L’ipertensione arteriosa colpisce, orientativamente, il 40% delle persone in età adulta e raggiunge picchi del 60-70% nei soggetti anziani. Una condizione patologica piuttosto diffusa che fuori controllo è dannosa per tutto l’organismo e in primis per cuore, cervello e reni. L’Iclas di Rapallo (Istituto clinico ligure di alta specialità) ha deciso di affrontarla con uno specifico percorso di diagnosi e cura.
«Sottostimare il problema − spiega Giacomo Deferrari, responsabile del progetto e fondatore della Società italiana di Nefrocardiologia − e non prendersi cura di se stessi in situazioni di pressione arteriosa elevata, equivale a esporsi – con l’andare del tempo – a un rischio molto alto di pericolosi eventi cerebrovascolari, cardiaci e renali in gran parte prevenibili con la normalizzazione della pressione arteriosa. Innanzitutto dobbiamo comprendere i motivi dell’innalzamento pressorio: il 90-95% dei casi sottoposti all’osservazione degli specialisti vengono classificati quali ipertensione essenziale (o primaria): non è possibile risalire a cause certe. Poi vi è una fetta abbastanza consistente di persone, da indagare in modo accurato, la cui ipertensione è correlabile a disfunzioni renali, endocrine, anomalie vascolari. Una volta escluse le origini documentabili, è essenziale valutare lo stato di salute degli organi bersaglio (cuore, vasi e reni in prima istanza) attraverso la diagnostica in grado di fornire notizie sulla situazione cardiaca e in particolare sulla ipertrofia del ventricolo sinistro, renale e delle carotidi».

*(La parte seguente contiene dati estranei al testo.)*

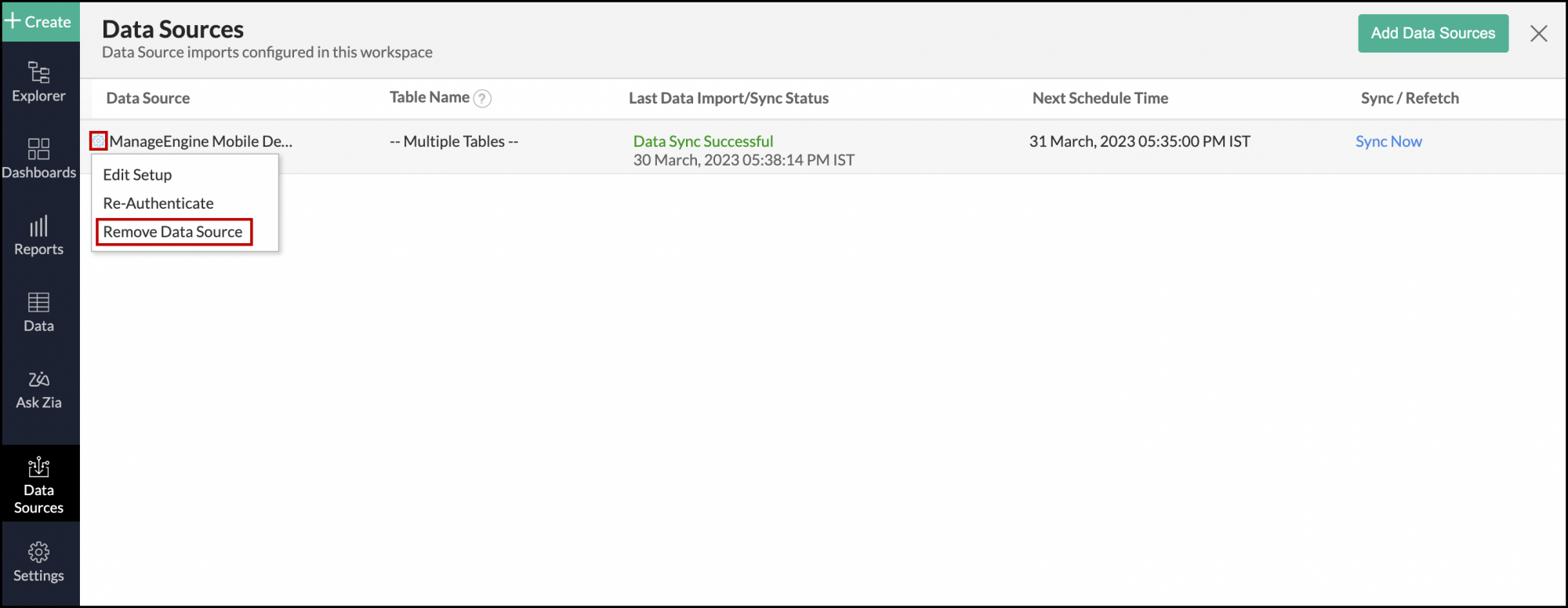 はい。これを行うには、サイドパネルの[データソース]オプションをクリックします。表示されるページで、Mobile Device Manager Plus Cloudソースに移動し、対応する[今すぐ同期]ボタンをクリックします。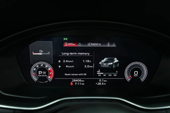 Audi A4 40 TFSI S-line Model : 2020 Odometer : 28,406 Kms Warranty : 3rd Party warranty ( 2 Years) Specification : Korean Cylinders : V4 2.0L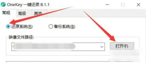 在“常規”版面當中,選中【還原系統】選項,單擊“映像文件路徑”板塊下的【打開】。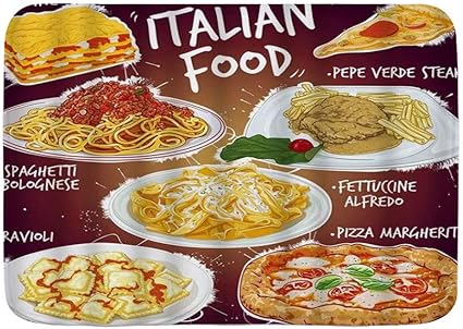 Popsastaresa Badematte Bad Teppiche Italienisches Essen Spaghetti Pepe Verde Steak Fettuccine Alfredo Pizza Ravioli Mit Rutschfester Ruckseite 29 5 X 17 5 Amazon De Kuche Haushalt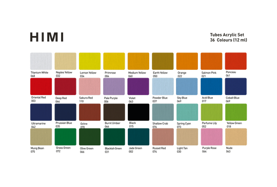 HIMI Tube Acrylic Set, 36 Colours 12 ml, Compact Acrylic Paint Set, Beginners Set, Artist Supplies, For Everyday Art, Glossy Colours, Painting With Acrylics Paint Set, Compact Paint Tubes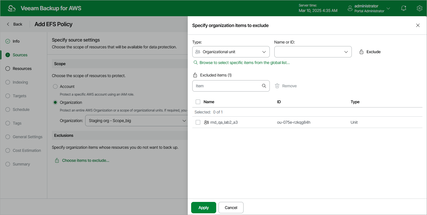- Use the Type drop-down list to choose whether you want to exclude organizational units or accounts from the data protection scope.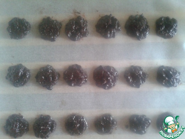 Топим шоколад. На пергаментную бумагу выкладываем точки из шоколада, диаметром примерно 1 см.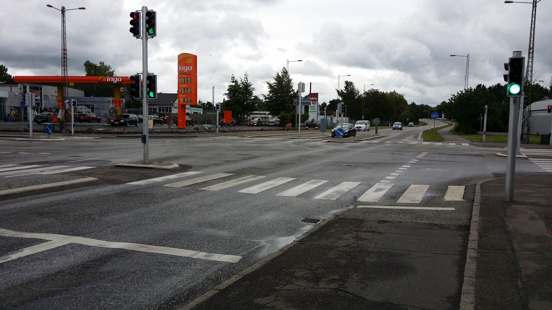 Lukning af den indkørsel til tanken, der er tættest på krydset.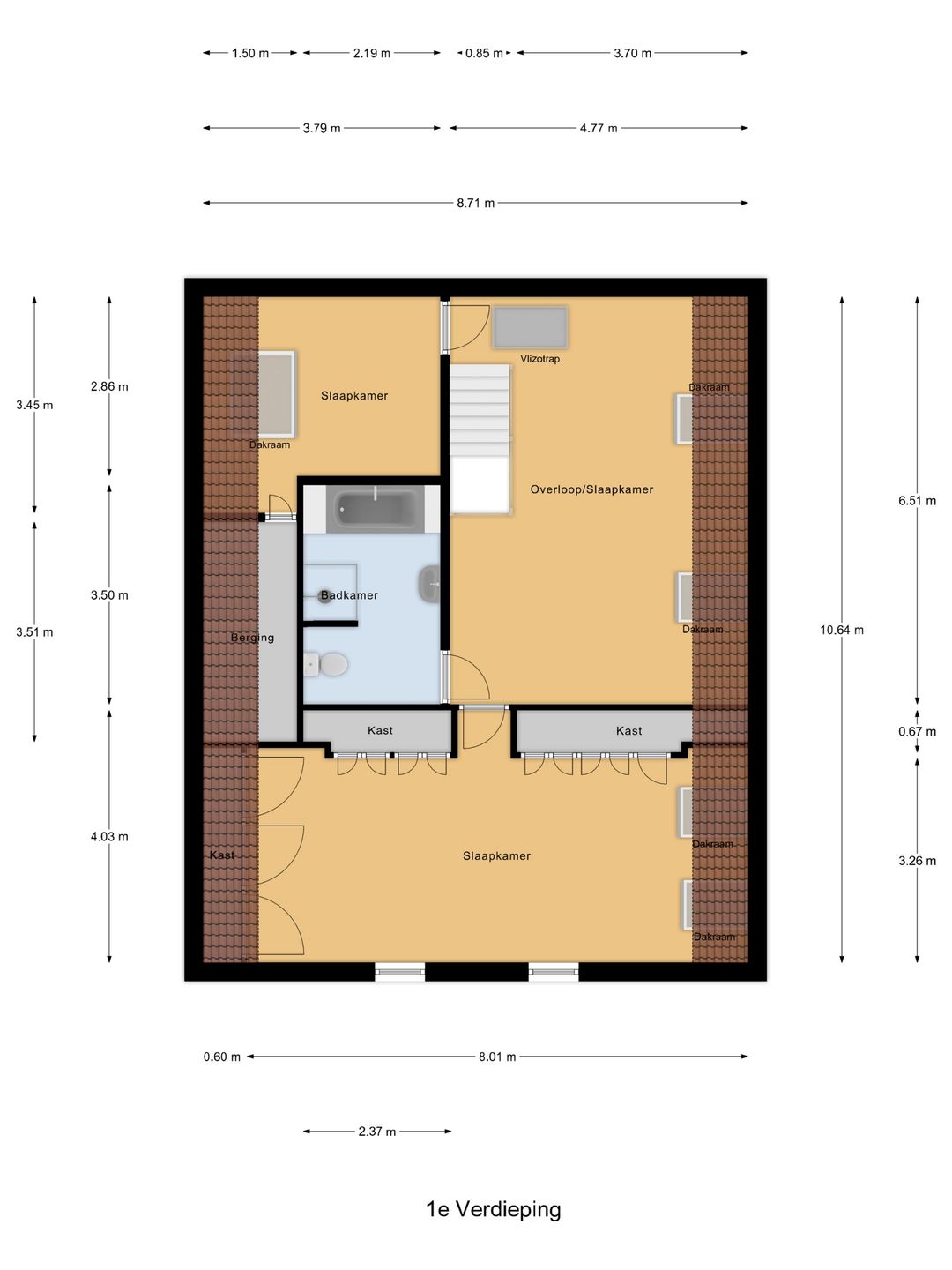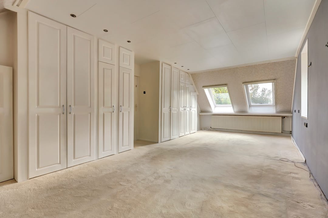 Ruime overloop met twee Veluxramen, hier is eenvoudig een extra slaapkamer te realiseren, slaapkamer met Veluxraam en aansluitend een opslagruimte, badkamer met toilet, douchecabine, wastafelmeubel en ligbad. Slaapkamer voorzijde over de gehele breedte met twee Veluxramen met zonwering, kastenwand en onder het dakbeschot een kastenwand, 2x handmatige rolluiken.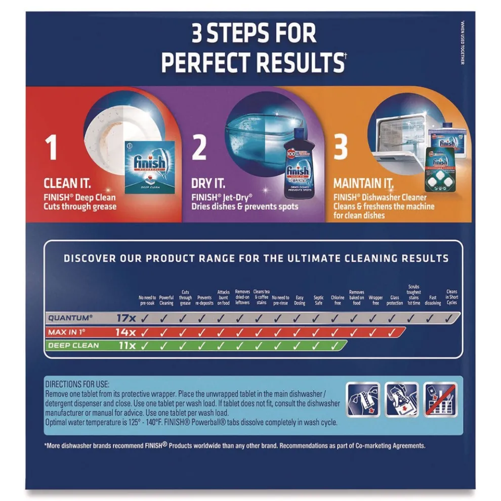 All-In-One dishwasher detergent tablets give you an amazing clean and shine-which means you will never have to re-wash your dishes again. Our Powerball supercharges the tablet, bursting into action to scrub away the toughest food residues like dried-on food, such as lasagna and oatmeal. Our powerful cleaners remove even the toughest stains, like coffee and tea, and gently scrub your dishes and glasses sparkling clean. All-In-One tablets (individually wrapped and pre-measured) are safe for septic systems.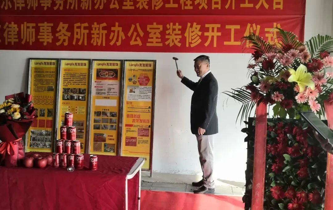 一锤,平安顺心;二锤,万事顺利;三锤,开工大吉。随着礼炮绽放,胡有斌主任手持礼锤,敲响新办公室装修开工的序章!参加开工仪式的全体人员共同举杯,庆祝这一美好时刻,恭祝天津敬东律师事务所新办公室装修开工大吉!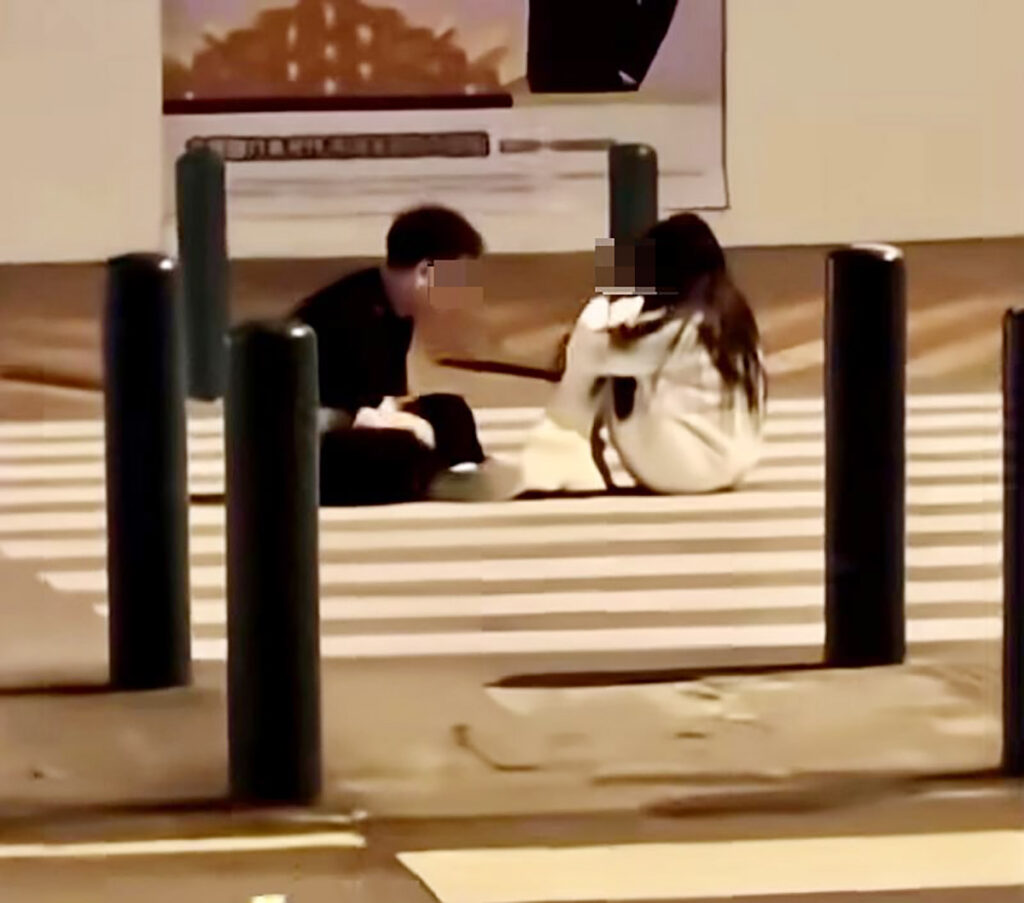 男女危坐於斑馬線上(網上短片截圖圖)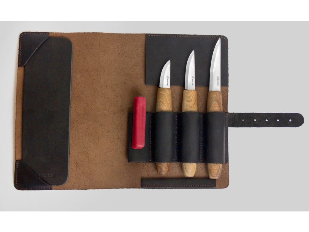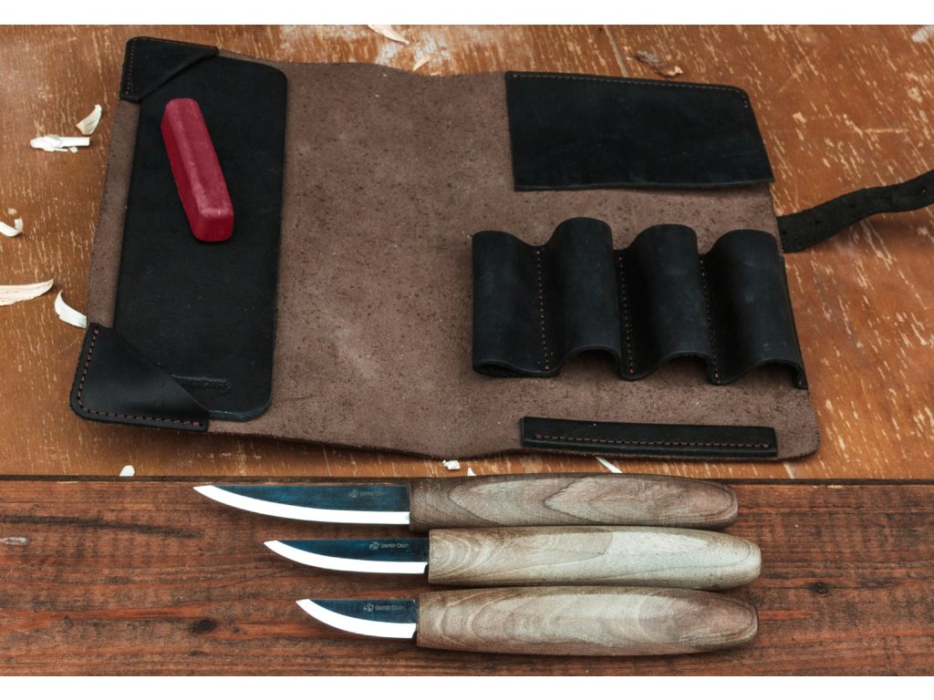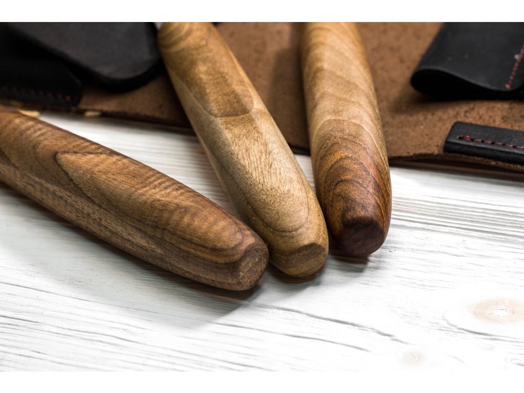 Setul conține 3 cuțite pentru sculptură în lemn. Uneltele vin în 3 dimensiuni diferite. Cuțitele din acest set au un mâner ergonomic, realizat din nuc negru. Mânerele sunt tratate cu ulei de in pentru a proteja împotriva murdăriei, excesului de umiditate și uscării materialului. Uneltele pentru sculptura în lemn sunt depozitate într-o husă din piele premium, care este inclusă în set.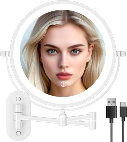 SWHC Miroir Grossissant Lumineux Mural, Miroir Maquillage Extensible Miroir Cosmétique Double Face Miroir de Rasage 360° Pivotant Mirroir Murale Gradation Tactile, USB Rechargeable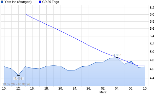 Mit dem Rücksetzer auf 4,45 EUR hat die Yext-Aktie am 09.03.2026 die 20-Tage-Linie nach unten gekreuzt.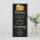 Turning to the back of the program, you'll find a thoughtfully curated list of the wedding party in classic black and gray. The predominantly simple block font ensures clarity and readability, maintaining a clean and elegant aesthetic. Adding a touch of whimsy and personalization, the words "Welcome," "Ceremony," and "Wedding Party" are presented in a pretty decorative script font. These scripted elements add an extra layer of charm and individuality to the program, creating a keepsake that reflects the unique spirit of your special day.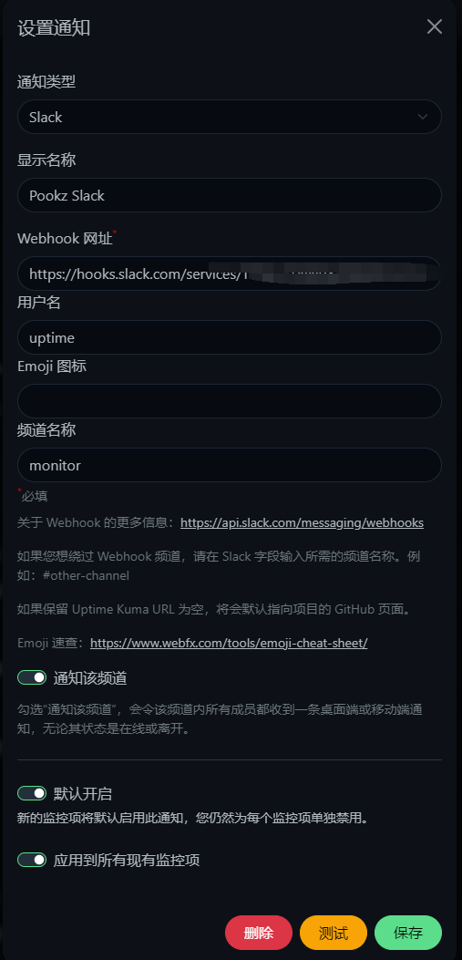 - 最后在uptime上设置slack 推送地址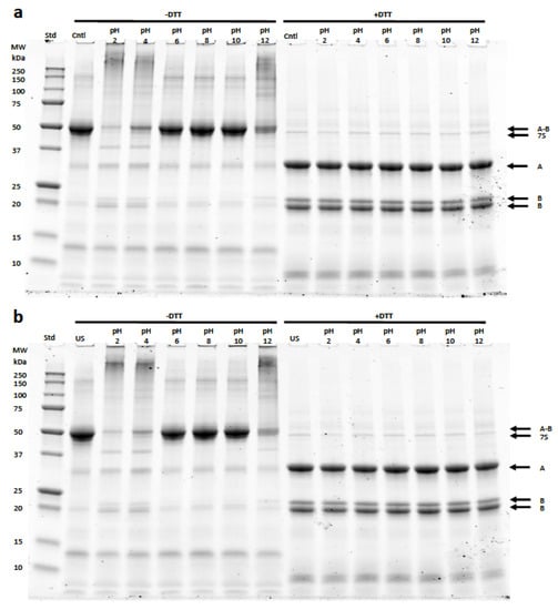 SDS-PAGE was used to analyze the HPC samples undergoing pH shifting, ultrasonication, and the combination of pH shifting and ultrasonication under non-reducing and reducing conditions (Figure 3). The identification of bands corresponding to the two major fractions found in hemp seed protein, albumins (~30%), and globulins (~60%), was based on previous studies [,]. The most prevalent protein found in the HPC is the globulin edestin which consists of six subunits with each subunit consisting of an acidic (Edestin A) and basic (Edestin B) component linked together by disulfide bonding. Specifically, bands below 18 kDa were attributed to albumins and bands of ~48 (Edestin A/B), ~46 (7S globulin), ~34 (Edestin A), ~20 (Edestin B), and ~18 (Edestin B) kDa, which were attributed to globulins. In all conditions, the albumins were preferentially solubilized over the globulins. pH shifting, especially at alkaline conditions, led to the aggregation of proteins shown by the increased staining intensity at higher molecular weights. The aggregation can be attributed to edestin due to the loss of staining intensity at 48 kDa under non-reducing conditions.
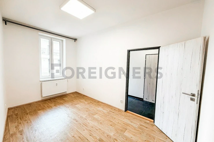 The offered apartment has a 2+kk layout and a total area of 55.84 m². It is located on the 4th floor of a building with an elevator. Thanks to windows facing both north and south, the apartment is pleasantly bright throughout the day.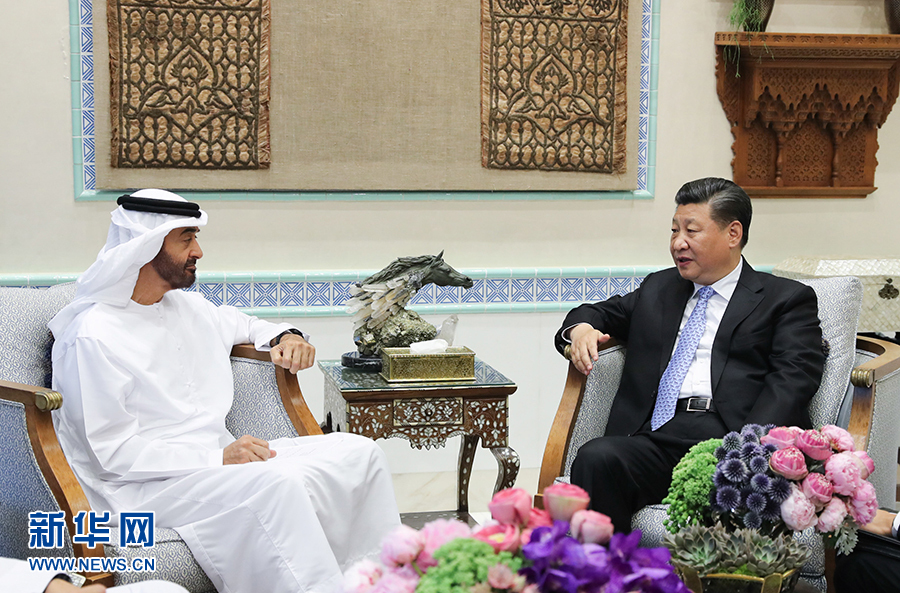 7月20日晚,國(guó)家主席習(xí)近平應(yīng)阿聯(lián)酋阿布扎比王儲(chǔ)穆罕默德邀請(qǐng),到王儲(chǔ)官邸作客。雙方在輕松友好氣氛中就中阿關(guān)系以及共同關(guān)心的問(wèn)題深入交換意見(jiàn)。 新華社記者 謝環(huán)馳 攝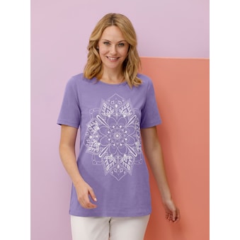 Blickfangstarkes Druck-Shirt dank des mehrfarbigen Grafikdessins und attraktiver Details, wie einem halsfernen Stehkragen mit kontrastfarbigen Bändern und aufgesetzter Applikation in Leder-Optik. Mit 3/4-Ärmeln. 100% Baumwolle. Maschinenwäsche.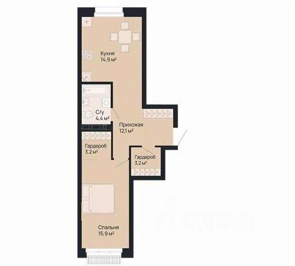 66 м² · Этаж 15 из 18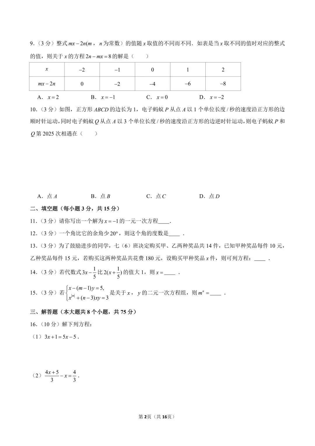 26年春华师版数学七年级初一下册第一次月考测试卷【附答案解析】丨高清可打印(330)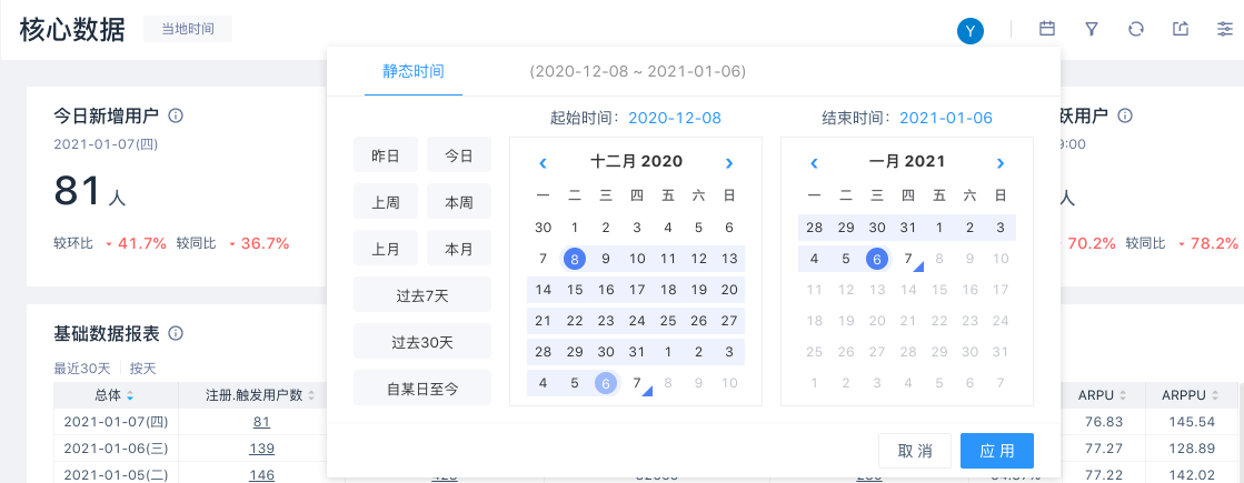 - 计算完成后,将时间切换为和全局时间框一样并展示各个报表结果

Test a cui si deve aggiungere, come spiega Deferrari, «la ricerca di tracce di albumina nelle urine. La presenza di piccole quantità di albumina (una proteina plasmatica), oltre a rappresentare il campanello d’allarme di un danno a livello renale è anche predettore di possibili, pesanti incidenti cardiovascolari. Certo, il quadro di riferimento va poi completato grazie a ulteriori semplici esami ematochimici utili a evidenziare eventuali dislipidemie nonché accertare se il paziente soffra già di diabete o altre malattie del metabolismo».
Aggiunge Deferrari: «Quando l’iperteso è dubbio, oppure non risponde appieno alle terapie in corso, la misurazione della pressione arteriosa nell’arco delle 24 ore – mediante holter pressorio che si attiva automaticamente ogni 15 minuti – è di grande aiuto. Non di rado diverse persone si presentano normotese o quasi durante il giorno, mentre di notte la loro pressione non scende quanto dovrebbe, almeno 20 millimetri di mercurio, svelando così gravi forme d’ipertensione arteriosa».
La terapia dell’ipertensione arteriosa non è solo farmacologica: «L’iperteso deve prima di tutto essere trattato sotto il profilo del riequilibrio metabolico. Gli obesi, per esempio, sono candidati a diventare ipertesi (o lo sono già). Da qui la necessità d’intervenire sulla dieta – favorendo la perdita di peso – sulla riduzione delle bevande stimolanti (caffè soprattutto) e del sale; sulla modifica dello stile di vita incentivando la regolare attività fisica. L’approccio non farmacologico è dunque fondamentale. Il ruolo dei farmaci è comunque importante, specie alla luce delle disponibilità di ritrovati oggi estremamente efficaci e ben tollerati».
L’ipertensione arteriosa è una patologia che si eredita? «Non vi è – diciamo così – una genetica obbligata per l’ipertensione arteriosa. Possiamo invece parlare di una “tendenza familiare”. È più probabile che il figlio di un genitore iperteso sviluppi la stessa malattia», conclude Deferrari.